Remember how nuts everyone went over a big Moon? Imagine people's excitement when we start making discoveries with the SKA—which is designed to see further into space than ever before.
SKA-low's main job will be to look back in time.
"We can't look very far back with the current generation of telescopes," Phil admits.
"And so one of the goals [of the SKA] is to look back as close to the beginning of the universe as we can."
So how does looking out into space help you look back in time?
It's a question Phil is asked a lot. He chuckles as he tells me it's all to do with light.
"Radio waves are just another kind of light," he says.
"And one of the properties of light … is that light travels at a finite speed, which is approximately 300,000 kilometres per second."
Let's do some maths with our biggest light bulb—the Sun.
Our Sun is around 150 million kilometres from Earth. If light can only travel 300,000 kilometres per second, the Sun's light would take around 8 minutes to travel to Earth.
So if you looked directly into the Sun (don't try this at home), you wouldn't see the Sun as it is in that moment. You'd be seeing the Sun as it was 8 minutes ago.
Same goes for looking out millions of light years away in the universe.
"The further back we look, the longer the light has taken to reach us and so the older the object is that we're looking at," says Phil.
"Some people just study our galaxy. But those people doing cosmology, who are interested in the evolution of the universe, they are looking back as far as they possibly can."
What other cool stuff will it do?
The SKA is also hoped to help answer some of our burning questions about dark matter and dark energy.
And yes, it might even be used to look for extraterrestrials!
"The conditions for life seem as though they could/should exist elsewhere in our galaxy or somewhere in some other galaxy," Phil says.
"So yes, there are lots of people interested in using a big, sensitive radio telescope like the SKA to look for evidence of extraterrestrial intelligence."
Finding extraterrestrial friends
The easiest way to find aliens is to hope they beam us a message saying, "Hey, we're over here!"
But more likely we'll have to find them using the radiation their planet emits.
"The Earth is transmitting radio waves out into our galaxy, and that comes from radio stations, TV transmitters, airport radars," says Phil.

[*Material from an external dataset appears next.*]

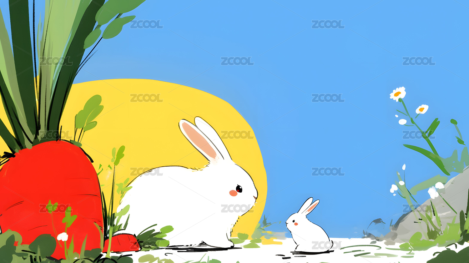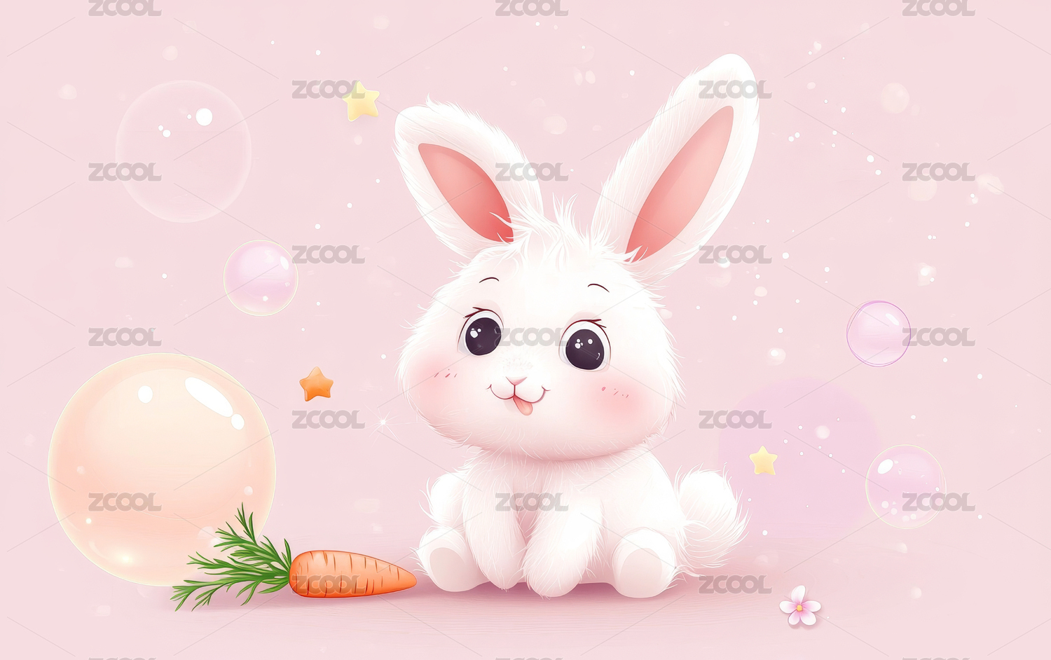 小兔子写实绘画风格动物主题壁纸3D卡通

"We may see evidence of life on other planets just through the radiation they're producing from their own radio stations or airport radar, etc."
Sounds great, when can we start?
Phil tells me phase 1 of SKA-low will take about 7 years to complete. But they're still deciding on the final design.

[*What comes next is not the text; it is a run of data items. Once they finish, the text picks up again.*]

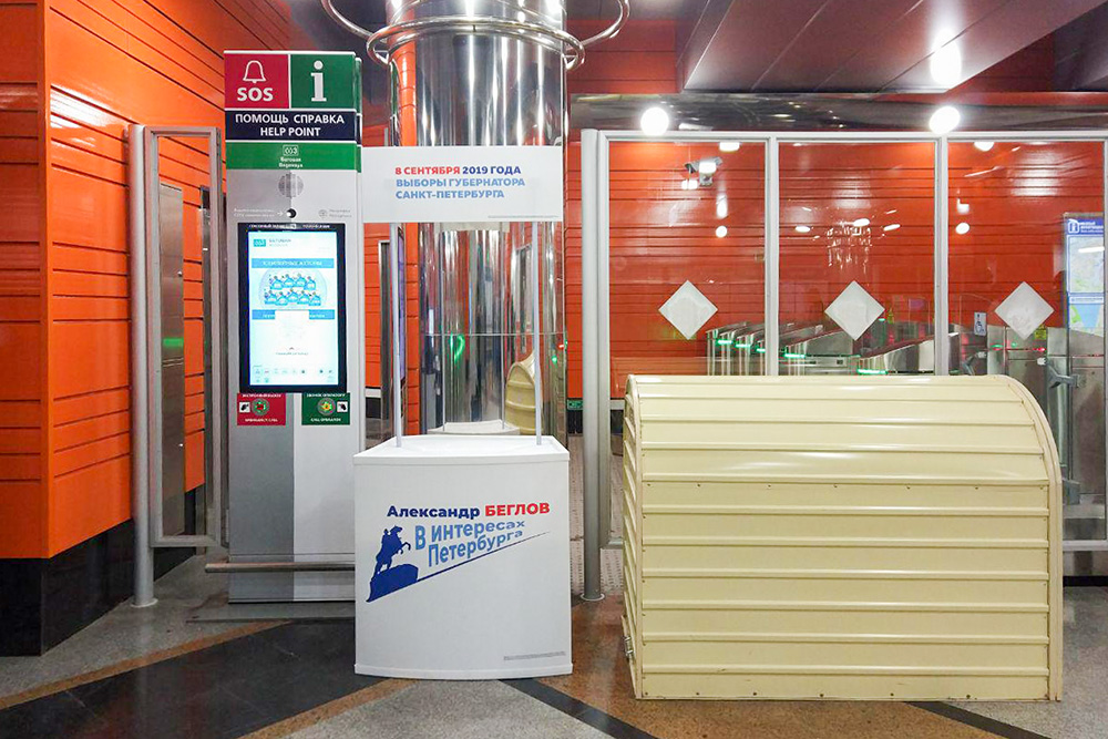 С началом официальной кампании врио в метро появились стойки, за которыми люди в футболках с надписью «Александр Беглов» собирали подписи в его поддержку. При этом в правилах пользования метрополитеном говорилось, что на его территории запрещена любая агитация. Несмотря на это, спустя месяц всем кандидатам разрешили собирать подписи в метро — однако никто кроме Беглова не стал этого делать.
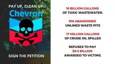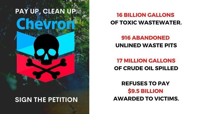 “ Over three decades of oil drilling in the Ecuadorian Amazon, Chevron dumped more than 16 billion gallons of toxic wastewater into the rainforest, leaving local people suffering a wave of cancers, miscarriages, and birth defects. “
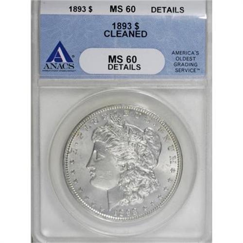 <B>1893 $1 --Cleaned--ANACS. MS60 Details.</B></I> NGC Census: (26/1636). PCGS Population (47/3074). Mintage: 389,792. Numismedia Wsl. Price for NGC/PCGS coin in MS60: $580. (#7220)<BR><BR><B>Coin Engraver:</B> George T. Morgan<BR><BR><b>Shipping:</b> Coins & Currency (<a target="_blank" href="http://www.heritageauctions.com/common/shipping.php">view shipping information</a>)

"The design hasn't quite been finalised, but there are two designs," he says.
"One looks a little bit like a Christmas tree because it is small at the top and gets larger as it gets closer to the ground."
The other is based on adapting the design of the existing MWA.
Phase 1 won't be a full square kilometre of collecting area. In fact, we won't be able to roll out the whole thing for a while yet. If you want to build the world's biggest telescope, you've got to do it right. That's why the SKA is being built in stages, so we have the chance to tinker and test bits out before we go full throttle.
In the meantime, ASKAP and MWA are doing good research.
"The pathfinders—ASKAP and MWA and MeerKAT—will be doing a lot of good science in that time and helping shape the kind of science that will be done with SKA."
"So they'll be doing—in many cases—similar kinds of science, just not doing it with the sensitivity that we'll be able to do with the Square Kilometre Array."
Sometimes, the time it takes for these things to come to life means they drop off the radar for those out of the loop.
But I have a feeling the discoveries we'll make with the fully completed SKA will be well worth the wait.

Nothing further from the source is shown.